CAPÍTULO XIX

– El día ha amanecido en calma, Murchad.

El capitán asintió con la cabeza, pero descontento. Hacía dos días que habían zarpado de Uxantis. Señaló con el dedo la vela deshinchada.

– Demasiada calma -se quejó-. Apenas hay viento. No avanzamos nada.

Fidelma miró al mar: era una superficie plana. Ella tampoco avanzaba. Tras eludir a sus perseguidores, se habían detenido para dar sepultura en el mar al cuerpo de Toca Nia. El hermano Dathal comentó que el viaje se había convertido en una travesía letal, como si viajaran en el barco de Donn, el antiguo dios irlandés de los muertos, que recogía en su nave a las almas perdidas para llevarlas al más allá. La comparación de Dathal dio pie a las críticas del hermano Tola y sor Ainder, aunque también imbuyó de pesimismo a los peregrinos que quedaban a bordo.

Y Fidelma no dejaba de dar vueltas a los hechos en busca de un minúsculo hilo que la llevara a despejar la incógnita. En lo que respecta al asesinato de Toca Nia, Cian juraba que había abandonado el barco justo después de medianoche, cuando el último pasajero y el último tripulante habían vuelto de la isla. Gurvan lo corroboró al sostener que había entrado en el camarote de Toca Nia poco después de esa hora y lo había encontrado durmiendo tranquilamente. Si Cian no mentía acerca de la hora en que había bajado a tierra, era inocente.

Fidelma alzó la vista a las velas desmayadas y tomó una decisión.

– Quizá podamos dar utilidad a esta calma -propuso con buen ánimo.

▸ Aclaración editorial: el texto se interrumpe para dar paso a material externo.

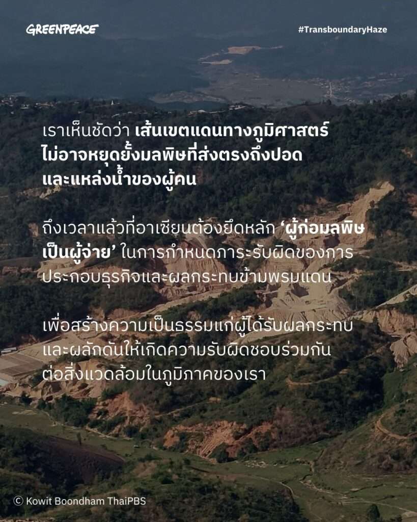 ด้าน รัตนศิริ กิตติก้องนภางค์ จาก กรีนพีซ ประเทศไทย หนึ่งในตัวแทนจากประเทศไทยเข้าร่วมพูดในเวทีคู่ขนานของภาคประชาสังคม (ASEAN Peoples’ Forum) กล่าวว่า “วันนี้อาเซียนไม่สามารถเพิกเฉยต่อเสียงของประชาชนที่ได้รับผลกระทบจากมลพิษข้ามพรมแดนได้อีกต่อไป ไม่ว่าจะเป็นฝุ่นพิษจากการเผาในประเทศเพื่อนบ้าน หรือน้ำปนเปื้อนสารเคมีจากเหมืองในรัฐฉานที่ไหลลงแม่น้ำกกในไทย เราเห็นชัดว่า เส้นเขตแดนทางภูมิศาสตร์ไม่อาจหยุดยั้งมลพิษที่ส่งตรงถึงปอดและแหล่งน้ำของผู้คน ถึงเวลาแล้วที่อาเซียนต้องยึดหลัก ‘ผู้ก่อมลพิษเป็นผู้จ่าย’ ในการกำหนดภาระรับผิตของการประกอบธุรกิจและผลกระทบข้ามพรมแดน เพื่อสร้างความเป็นธรรมแก่ผู้ได้รับผลกระทบ และผลักดันให้เกิดความรับผิดชอบร่วมกันต่อสิ่งแวดล้อมในภูมิภาคของเรา”
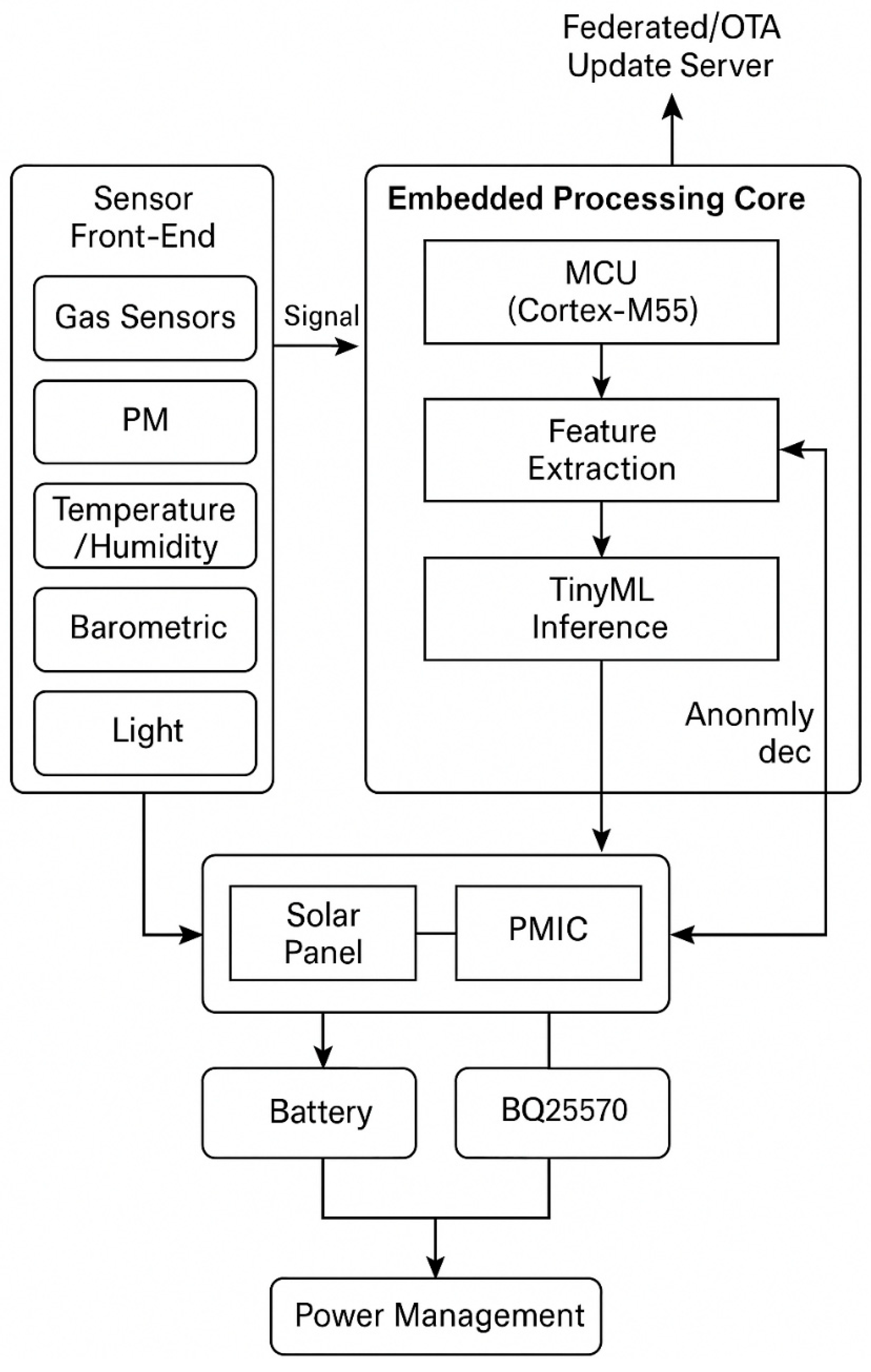 Despite this progress, there remains a research gap in architectures that tightly integrate embedded ML, sensor fusion, power domain management, and adaptive communication—especially tailored for environmental monitoring where conditions are variable and infrastructure may be limited.
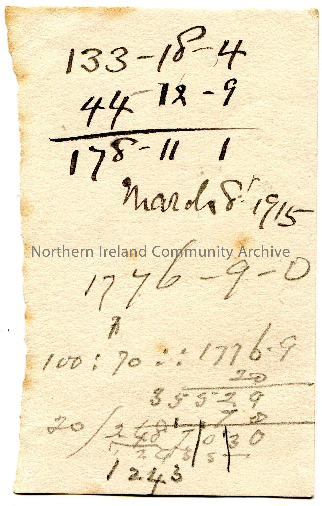 Torn off piece of paper with handwritten rough notes re sums of money.
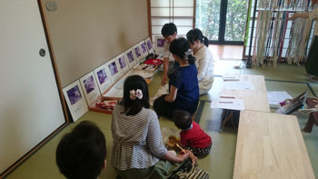 二回目の会は一番大人数・・・ 新人から古株まで、一人ひとり知識の深さや幅が違います。様々な道具を用いて、一人ひとりがしっかり理解できるように、丁寧に教えてくださいました。 あんまり多くて、写真を撮る間がない程・・・ 様々な疑問が飛び交いましたね。 人数が多くても、一人ひとりちゃんと組の体験はしていました。 実際にやってみないと糸の感触や重りの重さなど・・・見てるだけではわからないこと満載です。 型染めの帯揚げの制作方法について学ぶと「着物と一緒じゃん!そんなに手が込んでるんだ~」と感心しきりです。
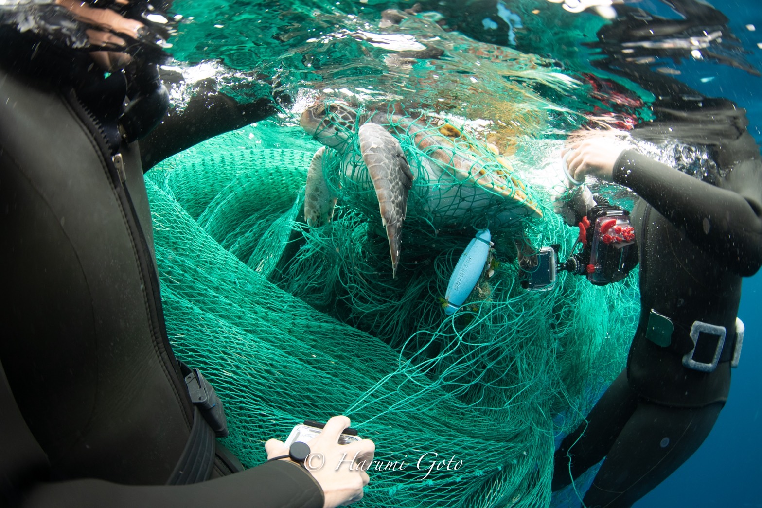 ん?魚網?カメがかかってる?
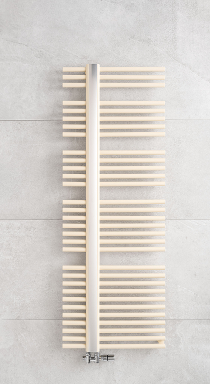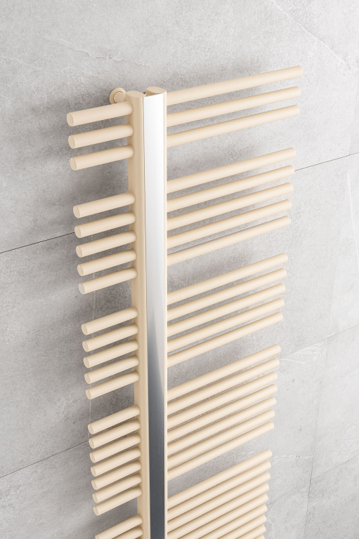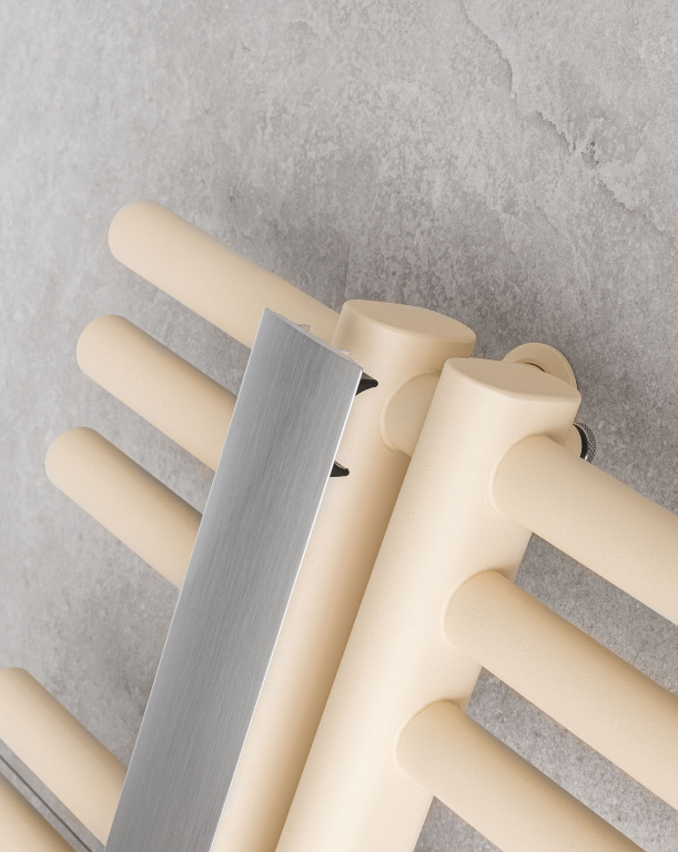Konstrukce tohoto radiátoru do koupelny nabízí výhodu jednoduchého zavěšení ručníků ze strany.

– ¿Cuál? -preguntó Murchad.

– Ya hace dos días desde la última vez que me bañé. En Uxantis no tuve tiempo y me siento sucia. En este mar en calma puedo darme un baño y, al menos, quitarme la mugre de encima.

Murchad se sintió incómodo.

– Los marineros estamos acostumbrados a pasar sin comodidades, señora. Lamento que no tengamos facilidades para que las mujeres puedan bañarse.

Fidelma echó atrás la cabeza y se rió.

– Descuidad, Murchad: no ofenderé vuestra susceptibilidad masculina. Me bañaré con enagua.

– Es demasiado peligroso -protestó moviendo la cabeza.

– ¿Y por qué? Si los marineros aprovecháis el mar en calma para bañaros y estar limpios, ¿por qué yo no puedo hacer lo mismo?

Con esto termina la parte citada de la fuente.